In the example below, we illustrate how model accuracy varies across different subsets of the DeviceType
categorical feature.
from rime.tabular.tests import FeatureSubsetTest
from rime.tabular.metric import MetricName
test = FeatureSubsetTest("DeviceType", MetricName.ACCURACY)
test.run_notebook(container)
In the subsets_info
dictionary, each key is a subset of the feature tested on: desktop
, mobile
, and None
.
It contains information about the metric performance (perf
), confidence intervals (margin_error
),
performance difference from the entire feature (diff
), positivity rate (pos_rate
),
and other information regarding the indices and size of the subset in the feature.

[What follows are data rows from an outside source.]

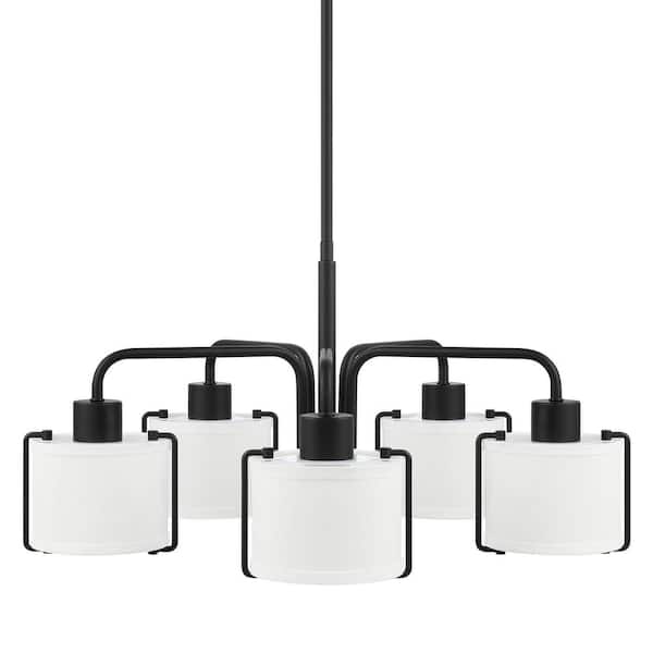 Brookley 5-Light Matte Black Shaded Chandelier with White Fabric Shades
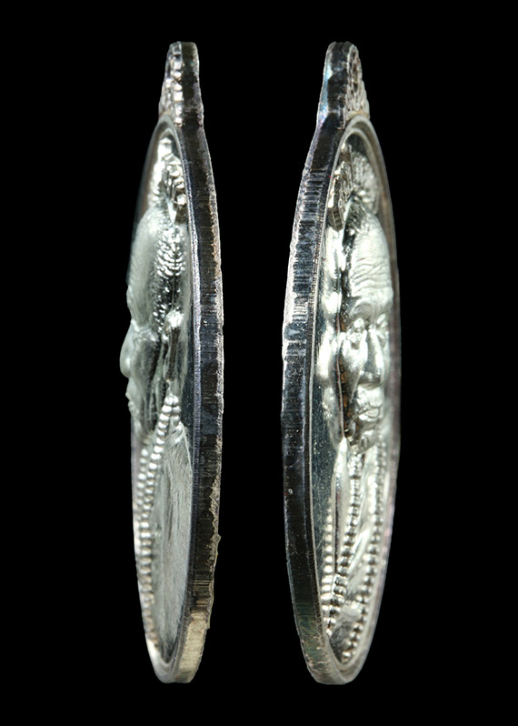 เหรียญหันข้างครึ่งองค์ รุ่น สมปรารถนา ( รุ่นแรก ) หลวงปู่เขียน ปุญญกาโม สำนักสงฆ์ป่าช้าบ้านโพนสิม จ.อุบลราชธานี พ.ศ.2559 เนื้อเงิน ตอกโค๊ต ตอกเลข สภาพเหรียญสวยพร้อมกล่อง
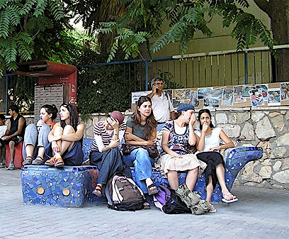 תושבי השכונה על "ספה" בסלון השכונתי שיצרו חברי הקבוצה.
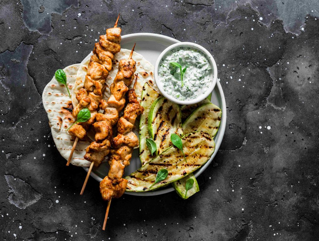 Chicken skewers souvlaki, grilled zucchini, pita bread and tzadziki sauce – delicious Greek style lunch on a dark background
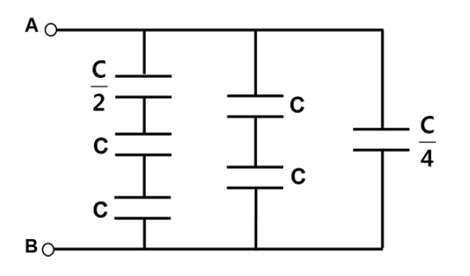 A (MACKENZIE 2018) Na associação de capacitores, esquematizada abaixo, a capacitância está indicada na figura para cada um dos capacitores. Assim, a capacitância equivalente, entre os pontos A e B no circuito, é
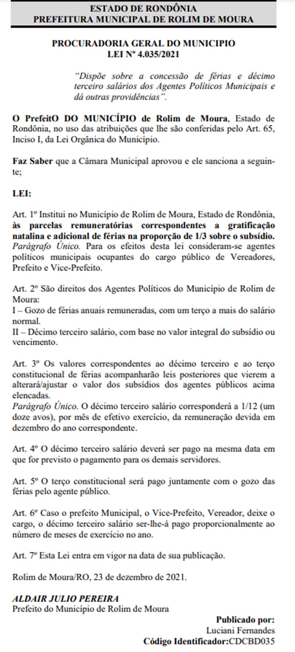 Porto Velho, RO – O prefeito do Município de Rolim de Moura Aldair Júlio Pereira, do MDB, sancionou lei que dispõe sobre a concessão de férias e décimo terceiro salário a agentes políticos.
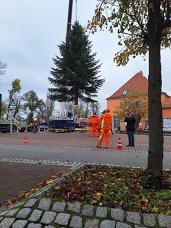 Der Bauhof der Stadt Böhlen war am 23.11.2023 wieder im Sinne von Weihnachten unterwegs. An diesem Tag wurden die Weihnachtsbäume vor dem Kulturhaus und auf dem Markt in unserer Stadt aufgestellt. Neben einem leuchtenden Stern auf der Baumspitze, kann man dieses Jahr auch Weihnachtskugeln am Baum bewundern. Diese wurden vom Bauhofleiter Herrn Wildensee gespendet. Die beiden Tannen spendierte die Familie Semper. Vielen, vielen Dank an beide Spender!

This test reveals that the model underperforms with respect to accuracy for inputs in the mobile
category!
Output
This test raised a warning (with severity level Medium) because 2 subset(s) performed significantly worse than the overall population. When evaluating subsets of the feature DeviceType we find the Accuracy of some subset(s) to be below the overall score of 0.97 by more than the threshold of 0.001.
{'status': 'FAIL',
'severity': 'Medium',
'params': {'metric': <MetricName.ACCURACY: 'accuracy'>,
'severity_level_thresholds': (0.001, 0.02, 0.1),
'perf_change_threshold': 0.001,
'col_name': 'DeviceType'},
'columns': ['DeviceType'],
'num_failing': 2,
'overall_perf': 0.9692,
'sample_size': 10000,
'subsets_metric_dict': {'overall_perf': 0.9692,
'subsets_info': {'desktop': {'name': 'desktop',
'len_df': 1504,
'criterion': 'desktop',
'perf': 0.9461436170212766,
'margin_error': None,
'diff': 0.023056382978723367,
'pos_rate': 0.06648936170212766,
'size': 1504},
'mobile': {'name': 'mobile',
'len_df': 947,
'criterion': 'mobile',
'perf': 0.9292502639915523,
'margin_error': None,
'diff': 0.039949736008447645,
'pos_rate': 0.11298838437170011,
'size': 947},
'None': {'name': 'None',
'len_df': 7549,
'criterion': 'None',
'perf': 0.9788051397536097,
'margin_error': None,
'diff': -0.00960513975360977,
'pos_rate': 0.021592263876010067,
'size': 7549}}},
'worst_subset': {'name': 'mobile',
'len_df': 947,
'criterion': 'mobile',
'perf': 0.9292502639915523,
'margin_error': None,
'diff': 0.039949736008447645,
'pos_rate': 0.11298838437170011,
'size': 947}}
Analyzing Model Performance
Overall Analysis
When RunContainers are created, RIME profiles the model’s performance with respect to its features and feature subsets. We can obtain all that information very easily through built-in functions.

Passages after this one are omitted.